- Task to carry out:
Using the records below, write out only the lines from the line containing "這場國際頂級藝術盛宴在青島奧" up to and including the line containing "Swedish Collagen Repair", exactly, with no pictures.

- Supplied entries:
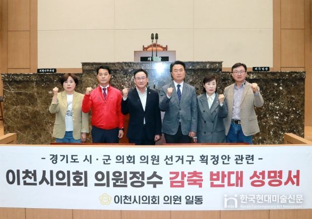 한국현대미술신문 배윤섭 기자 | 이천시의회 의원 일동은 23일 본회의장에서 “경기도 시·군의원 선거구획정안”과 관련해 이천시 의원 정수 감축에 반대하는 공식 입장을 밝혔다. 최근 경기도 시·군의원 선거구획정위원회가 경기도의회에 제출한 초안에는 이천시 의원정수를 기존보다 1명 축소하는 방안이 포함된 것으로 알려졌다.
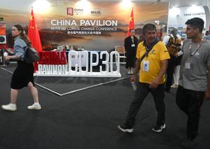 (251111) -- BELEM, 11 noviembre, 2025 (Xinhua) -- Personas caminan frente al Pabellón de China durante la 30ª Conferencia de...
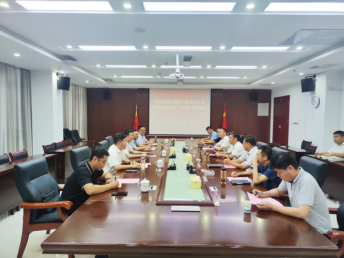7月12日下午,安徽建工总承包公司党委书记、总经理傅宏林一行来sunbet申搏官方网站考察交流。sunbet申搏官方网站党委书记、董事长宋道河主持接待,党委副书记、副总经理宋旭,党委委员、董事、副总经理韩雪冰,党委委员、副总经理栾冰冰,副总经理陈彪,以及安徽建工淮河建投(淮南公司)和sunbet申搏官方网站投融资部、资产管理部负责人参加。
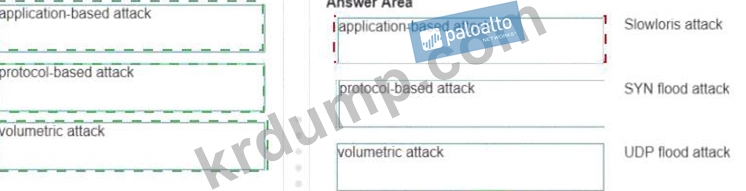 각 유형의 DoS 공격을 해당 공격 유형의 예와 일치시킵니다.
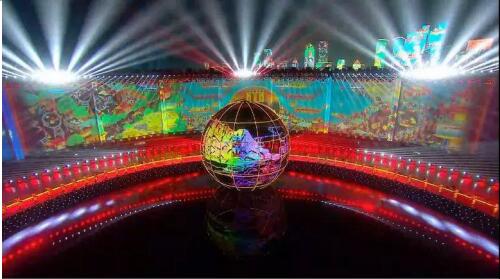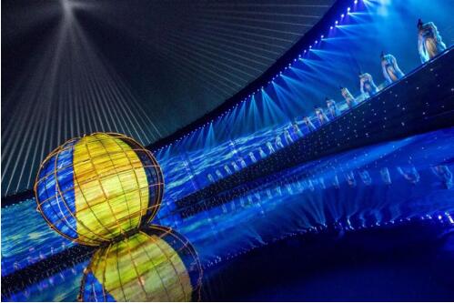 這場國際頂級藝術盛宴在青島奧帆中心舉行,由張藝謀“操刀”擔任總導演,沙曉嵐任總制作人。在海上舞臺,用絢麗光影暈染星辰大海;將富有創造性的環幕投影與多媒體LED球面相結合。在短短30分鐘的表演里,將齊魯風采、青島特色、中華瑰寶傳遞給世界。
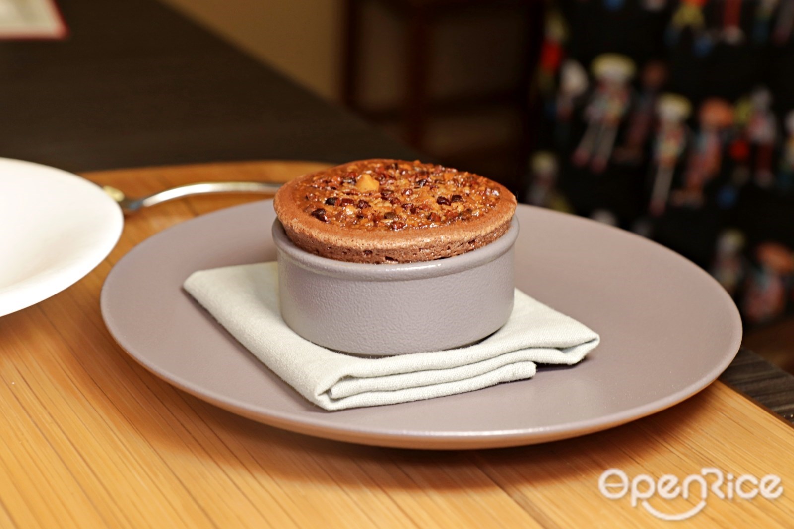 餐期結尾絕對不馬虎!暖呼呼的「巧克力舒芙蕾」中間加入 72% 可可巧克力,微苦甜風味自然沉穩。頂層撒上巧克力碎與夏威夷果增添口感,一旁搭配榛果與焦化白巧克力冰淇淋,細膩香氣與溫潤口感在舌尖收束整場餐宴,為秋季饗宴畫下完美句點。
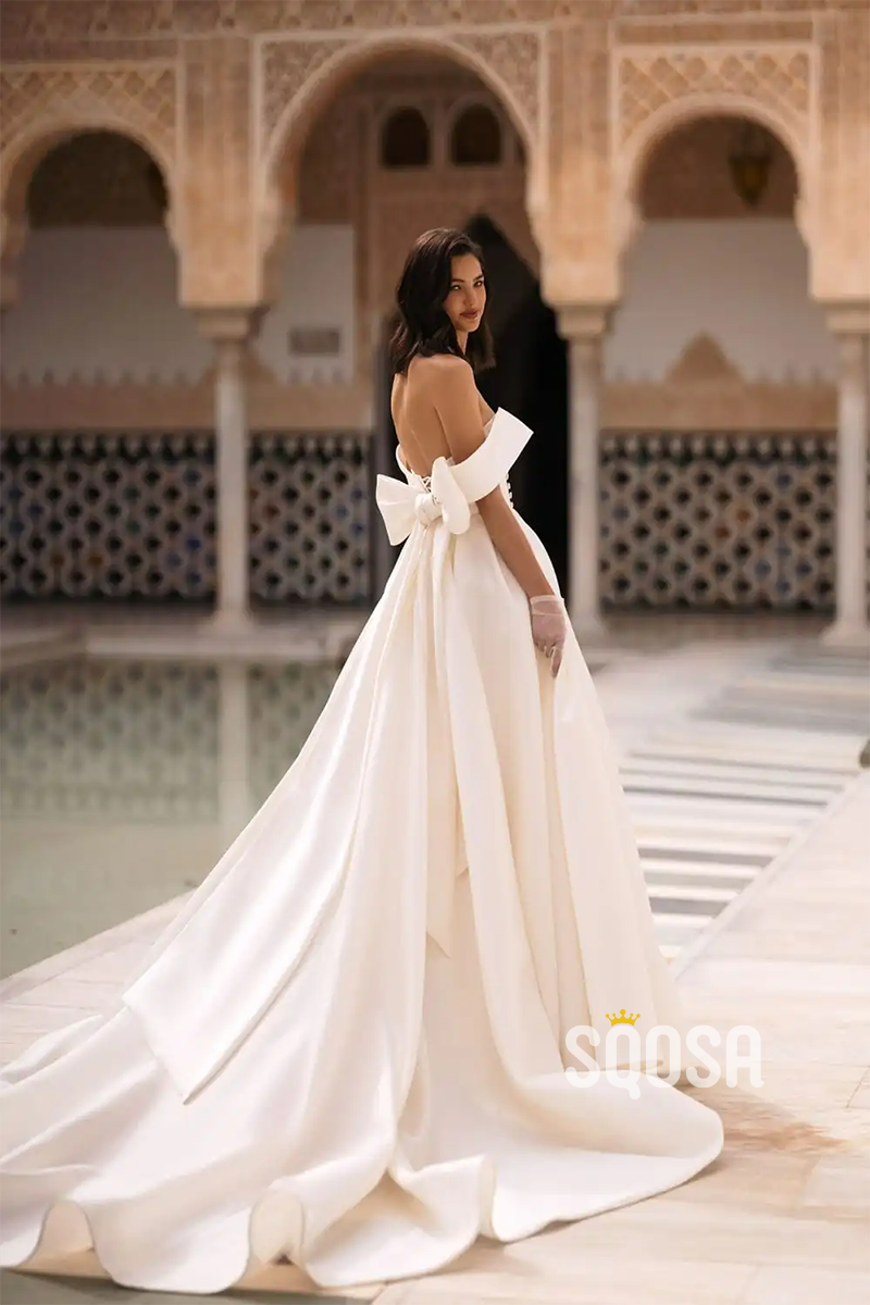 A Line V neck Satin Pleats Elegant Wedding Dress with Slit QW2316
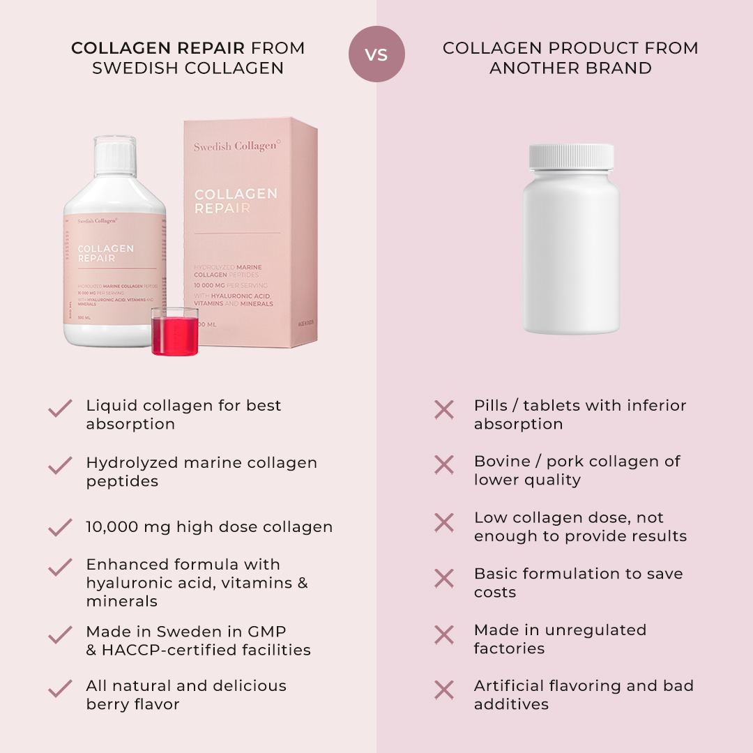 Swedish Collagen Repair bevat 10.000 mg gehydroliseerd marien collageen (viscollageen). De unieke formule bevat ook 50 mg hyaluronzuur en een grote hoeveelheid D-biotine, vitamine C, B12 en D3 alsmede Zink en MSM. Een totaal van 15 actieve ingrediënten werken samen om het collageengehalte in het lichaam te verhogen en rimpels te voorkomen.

--

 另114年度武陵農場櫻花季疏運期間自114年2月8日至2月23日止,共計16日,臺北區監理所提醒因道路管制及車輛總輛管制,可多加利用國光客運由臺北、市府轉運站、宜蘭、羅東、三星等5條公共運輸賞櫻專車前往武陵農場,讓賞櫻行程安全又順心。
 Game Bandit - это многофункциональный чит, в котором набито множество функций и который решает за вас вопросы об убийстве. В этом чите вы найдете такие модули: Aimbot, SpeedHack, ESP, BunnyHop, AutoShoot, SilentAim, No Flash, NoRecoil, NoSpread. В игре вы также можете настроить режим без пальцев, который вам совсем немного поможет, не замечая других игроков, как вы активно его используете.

--

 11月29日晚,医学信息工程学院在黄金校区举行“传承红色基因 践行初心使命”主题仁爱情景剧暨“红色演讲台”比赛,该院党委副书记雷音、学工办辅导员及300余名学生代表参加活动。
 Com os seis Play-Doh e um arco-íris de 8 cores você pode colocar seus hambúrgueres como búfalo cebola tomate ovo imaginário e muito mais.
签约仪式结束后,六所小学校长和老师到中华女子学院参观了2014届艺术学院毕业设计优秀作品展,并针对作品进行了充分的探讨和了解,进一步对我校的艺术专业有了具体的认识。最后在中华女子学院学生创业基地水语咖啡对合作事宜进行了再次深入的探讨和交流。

- Answer to the problem:
 這場國際頂級藝術盛宴在青島奧帆中心舉行,由張藝謀“操刀”擔任總導演,沙曉嵐任總制作人。在海上舞臺,用絢麗光影暈染星辰大海;將富有創造性的環幕投影與多媒體LED球面相結合。在短短30分鐘的表演里,將齊魯風采、青島特色、中華瑰寶傳遞給世界。
 餐期結尾絕對不馬虎!暖呼呼的「巧克力舒芙蕾」中間加入 72% 可可巧克力,微苦甜風味自然沉穩。頂層撒上巧克力碎與夏威夷果增添口感,一旁搭配榛果與焦化白巧克力冰淇淋,細膩香氣與溫潤口感在舌尖收束整場餐宴,為秋季饗宴畫下完美句點。
 A Line V neck Satin Pleats Elegant Wedding Dress with Slit QW2316
 Swedish Collagen Repair bevat 10.000 mg gehydroliseerd marien collageen (viscollageen). De unieke formule bevat ook 50 mg hyaluronzuur en een grote hoeveelheid D-biotine, vitamine C, B12 en D3 alsmede Zink en MSM. Een totaal van 15 actieve ingrediënten werken samen om het collageengehalte in het lichaam te verhogen en rimpels te voorkomen.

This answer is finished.